Fear of the unknown often holds organizations back from building an inclusive workforce. According to a recent report by the Institute of Corporate Productivity, preconceived concerns about hiring workers with intellectual disabilities averaged 42% higher than challenges actually experienced employing them. At Atlantic Grocery Distributors Ltd. (AGD) in Bay Roberts, Newfoundland, this concern was top of mind for Supervisor, Bill Hunt, when he hired Tim to work as a janitor in the warehouse.
Tim was hired through the Mariner Resource Opportunities Network (MRON) with support from Ready, Willing and Able (RWA); a national initiative designed to increase the labour market participation of people with intellectual disabilities or Autism Spectrum Disorder (ASD).

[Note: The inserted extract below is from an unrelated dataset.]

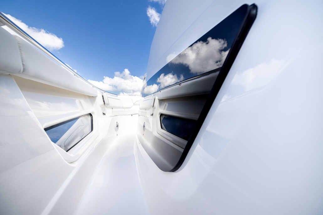 - Custom Windshield System: Powder Coated Structural Frame with Optically Clear Laminated Windshield Glass, Electrically Actuated Center Vent, Tempered Side Glass, Custom B-Pillar Caps, and 316L Stainless Steel Grab Rails (Port and Starboard)

A key goal of supported employment partnerships such as MRON and RWA is to address many of the preconceived barriers that employers anticipate when it comes to hiring an individual with an intellectual disability or ASD. This often includes safety concerns, productivity and the effect on team performance and corporate culture.

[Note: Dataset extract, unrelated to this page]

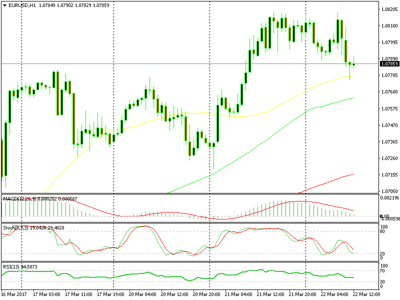 In the last few hours though, this forex pair has slipped below 1.08 again and gotten close to our take profit target. However, the 50 SMA (yellow) on the hourly forex chart is holding for the time being.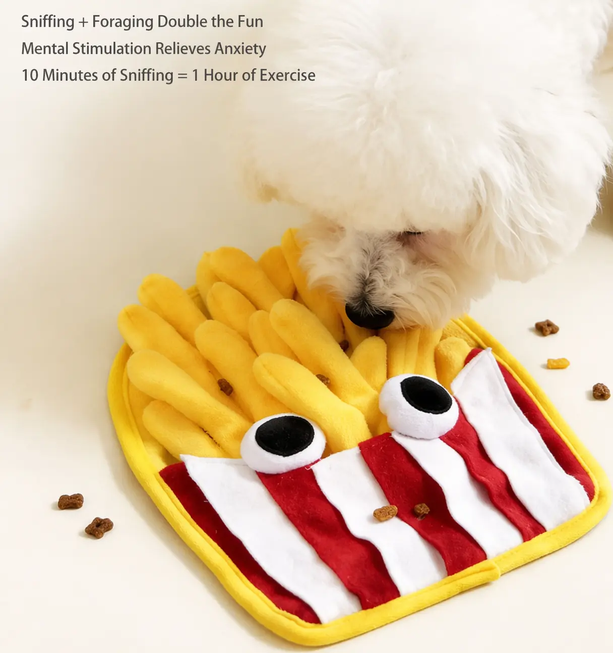 Does your dog go wild for the smell of bacon, cheese, or peanut butter? Then bring the fun of “kitchen foraging” right to their paws with the Sniffin’ Kitchen Delicious Food Series Snuffle Mat – where mealtime becomes a mouthwatering treasure hunt!

“We had some concern about how Tim’s disability would affect his work and his co-workers,” says Hunt, “Now the comments from the team are that they wish they had 10 more co-workers like Tim.”

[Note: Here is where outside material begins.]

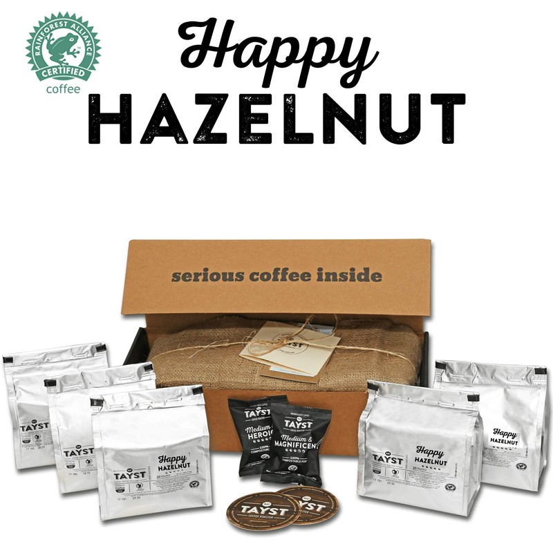 Tayst | 50 ct. Happy Hazelnut | 100% Compostable Single Serve Coffee Pods | Gourmet Coffee in Earth Friendly Packaging | Hazelnut Roast

As the one of the main employers in the Conception Bay North region of Newfoundland, AGD has embraced the idea of inclusive employment and initially started hiring part-time employees for various positions. When a full-time janitorial position was required, they decided to continue to hire inclusively
“As a food distributor, we have strict safety and cleanliness standards that have to be met, so this is a very important job,” says Hunt, “Tim is an extraordinary employee—he takes direction without complaint, is always on time and gets along well with his co-workers.
In fact, Tim’s work ethic and high level of productivity have led to additional responsibilities, including assisting with food deliveries to local customers.
Research shows that high-performance organizations like AGD are 37% more likely to hire people with intellectual disabilities because they see the talent and skill matching potential. Supported employment partnerships such as MRON and RWA help employers match the right candidate to the right job and provides support every step of the way.
Funded by the Government of Canada and active in 20 communities across the country, RWA is a national partnership of the Canadian Association for Community Living (CACL), the Canadian Autism Spectrum Disorders Alliance (CASDA) and their member organizations.